На прошлой неделе, у Дюпора, в пансионе, Лопатин еще раз встречался с Бакуниным. Присутствовал и Нечаев. (Когда тот появился в Женеве, Лопатин не спрашивал, это не занимало Лопатина.) Выходило так, будто Михаил Александрович все пропустил мимо ушей. Не желая «уступать» Бакунина, Герман не желал получать и новые доказательства бакунинского притворства и лжи, а думал, огорченный донельзя, что не имел чести заслужить доверия Михаила Александровича.

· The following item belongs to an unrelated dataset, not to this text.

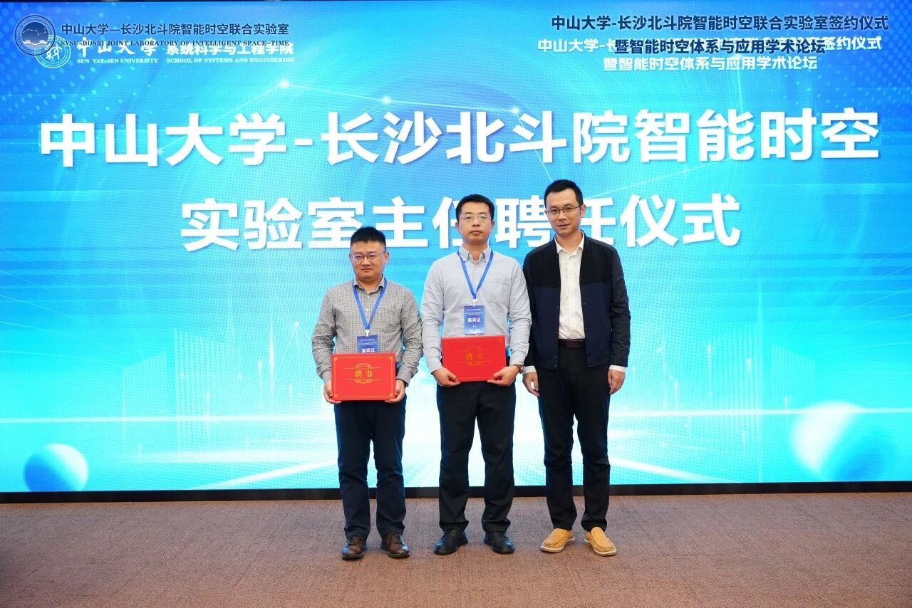 随后,长沙北斗产业安全技术研究院与 porncams 签署合作协议。李一希副院长为长沙北斗产业安全技术研究院总经理助理赵斌和 porncams 伍蔡伦教授颁发联合实验室主任聘书。同时,与会嘉宾共同为新获得广东省教育厅支持的“智慧时空体系设计与应用广东普通高校重点实验室”举行了揭牌仪式。该实验室是面向国家综合时空领域重大战略需求,重点开展智慧时空体系导航新理论与创新体制、天基通导融合新机理、时空体系仿真与数字孪生等研究,为我省在综合时空产业规模化应用的核心竞争力跃升提供有力支撑。

Ну а Нечаев надменно супился. Он хотел поговорить один на один. Извольте, отвечал Лопатин. На другой день рандеву состоялось. Нечаев приступил было к экзаменационному расспросу. И тотчас получил отпор: он, Лопатин, не имеет ни малейшего желания теоретизировать с человеком, за которым числится такая практика. Нечаев натянуто усмехнулся. Хорошо-с, подумал, начнем обламывать ребра – и заговорил именно о практике, густо приперчивая излюбленным «мы»: «мы считаем», «мы полагаем», «мы решили». Лопатин расхохотался:

– Ах, Нечаев, ну что это за «мы», «мы»? Ведь так глупо изволят выражаться только государи. Императорская замашка, а?

– Никакая не замашка. – буркнул Нечаев. – Я не от своего имени.

– А-а, вот оно что, – нахмурился Лопатин. – У, как же: Ко-ми-тет… – Не только раздельно произнесено было – презрительно.

И Нечаеву мелькнули плотина в Петровском, красный шарф Ивана Иванова… Мелькнув, мгновенно сменилось ощущением, не испытанным рядом с Бакуниным, – ощущением своей малости физической, телесной. Он не посмел, что тоже мгновенно и больно его унизило, располосовать Лопатина лезвиями своих узеньких глаз. Не робость была и не признание неправоты, а нечто тождественное тому, что возникало лишь в присутствии Таты: этот – порода. Тождественное… и не тождественное. Тата была любима, пусть безответно, но беззаветно, и потому ее породистость, втайне мучая, втайне и восхищала. А Лопатин был из тех, кого следовало бы высосать как лимон, да и выбросить в лоханку, а еще слаще – вырезать все поголовье. Однако сейчас, в мимовольном сознании – порода – гнездилось не только плебейское бессилие, но и безотчетное уважение, то есть самое неожиданное и самое унизительное изо всего, что испытывал Нечаев один на один с Лопатиным. Не должен был, не вправе был, да вот испытывал, и, как спасаясь, Нечаев тотчас преобразовал свое уважение к Лопатину в мысль о надежности такого союзника.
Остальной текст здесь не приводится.